Шквал
Шрифт:
IV
Немножко тесно было в тарантасе, но о. Евлампий и Лапин, вызвавшиеся проводить депутата до ближайшей станции — Проточной, не чувствовали решительно никаких неудобств. О. Евлампий сидел рядом с депутатом, а доктор против них, рядом с кучером, спиной к лошадям. Говорили очень громко, — надо было побороть звон бубенчиков и неустанный треск колес. Оба — и доктор, и священник — старались вычерпать из своего собеседника все, что им представлялось существенным, значительным или просто любопытным, о чем он, по их мнению, должен был непременно знать. О. Евлампий интересовался, главным образом, верхами: любопытствовал насчет министров и таинственной «камарильи», расспрашивал во всех подробностях о приеме во дворце. Лапина занимала больше партийная группировка в Думе и облик наиболее популярных ораторов. Депутат
— А страшно небось, когда в первый раз говоришь? — спрашивал о. Евлампий.
— Я в первый раз очень коротко говорил, — отвечал депутат простодушным тоном, — с места… Ну, перед этим, конечно, волновался, руки потели, в горле сухо… Подал записку. Потом вижу: много ораторов. Дошла очередь, встал, откашлялся: «отказываюсь», — говорю. Одно только слово. И похлопали, представьте: для того момента, верно, это была самая подходящая и приятная речь…
Добродушно посмеялись. Они все еще продолжали оставаться в приподнятом на торжественный лад настроении, и хотелось бы им говорить в этом торжественном, проникнутом одною серьезностью тоне, а депутат все в шутку поворачивал.

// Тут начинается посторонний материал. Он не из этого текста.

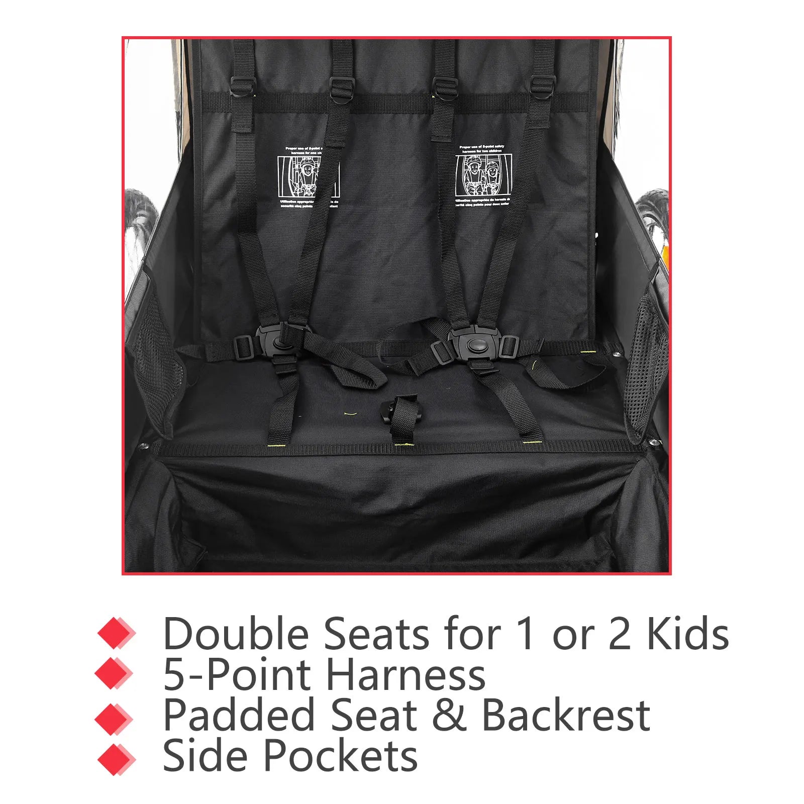 Equipped with two 5-point harness systems and ergonomic seats, this trailer keeps your children safe and comfortable. Side pockets provide convenient storage for toys, and there’s ample legroom for stretching and relaxation. The 48.3cm inflatable rubber tires ensure a smooth and cushioned ride over various terrains.

— Ну, а министры как? — спросил о. Евлампий каким-то загадочно-таинственным тоном.
— Да ничего министры, — неопределенно ответил депутат, делая вид, что ему понятен вопрос о. Евлампия, — народ с выдержкой…

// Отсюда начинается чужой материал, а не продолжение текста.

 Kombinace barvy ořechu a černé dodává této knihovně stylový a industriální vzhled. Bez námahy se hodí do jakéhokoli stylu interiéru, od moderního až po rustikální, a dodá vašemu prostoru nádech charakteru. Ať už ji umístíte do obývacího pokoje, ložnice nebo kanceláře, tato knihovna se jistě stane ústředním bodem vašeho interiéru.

Помолчали. Монотонно, беззаботно-звонко погромыхивали бубенцы. Шуршал тарантас по мягкой песчаной дорожке. Покачивало. Дремотным туманом заволакивались мысли, уплывали вдаль, становились неуловимы и неожиданны.

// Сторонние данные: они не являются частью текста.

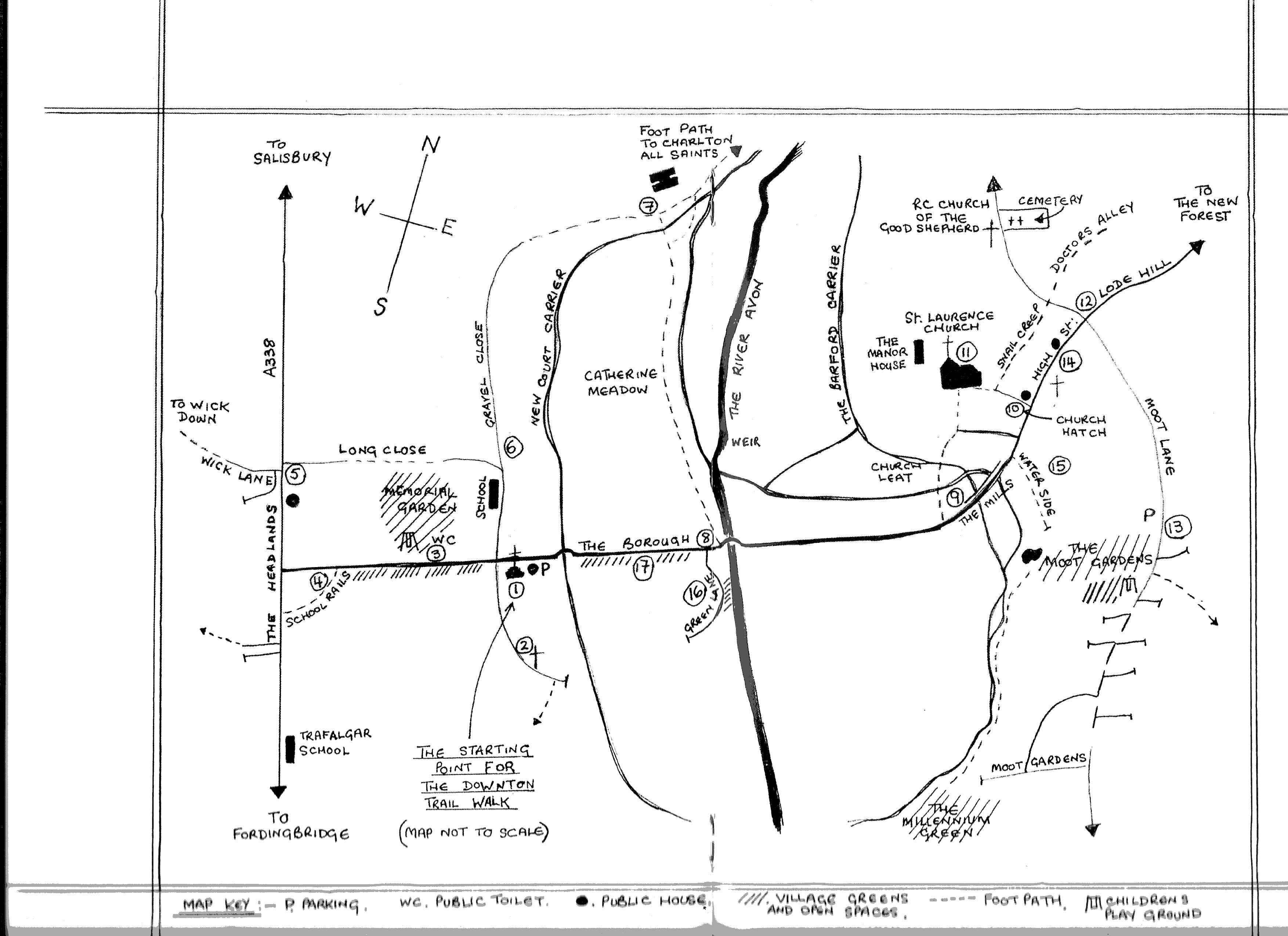 This is an on-line version of the Downton Heritage Trail booklet, originally published in 2009, which gives the visitor a brief introduction to most of Downton. At the points of interest shown on the map there are plaques and some notices giving a short description of the sites.

Толпилось поначалу как будто много важнейших и неотложнейших вопросов, и казалось, что их хватило бы на всю ночь, а вот вдруг оборвалась их нить, и они не знали, о чем еще спросить. Не потому, чтобы исчерпали все, что хотели, или могли успокоенно сказать, что развязали и привели в ясность главный узел своих предположений, сомнений и гаданий, а потому, что как-то не давалось для выражения то, что чувствовалось самым важным и разрешающим, ускользало в этом качающемся серебристом сумраке, как будто пряталось и терялось в кокетливо мерцающих под лунным светом излучинах речки Протоки, над которой вилась дорожка. Застывшая в песчаных, пустынно-тихих берегах, похожих на большой, неровно обрезанный лист матовой бумаги, неровным зеркалом Протока уходила вдаль, меняя цвета, отражая небо с редкими звездами и месяцем, сизо-темные таловые кусты и белую ватагу заснувших гусей; пряталась в зелено-темную опушку, где неустанно и бестолково хрипел коростель, и снова выныривала, убегая вперед и вперед. И казалось, там, в серебристом, полном загадок сумраке, куда она шла, разливалось широкое, величественное, манящее жемчужным простором море…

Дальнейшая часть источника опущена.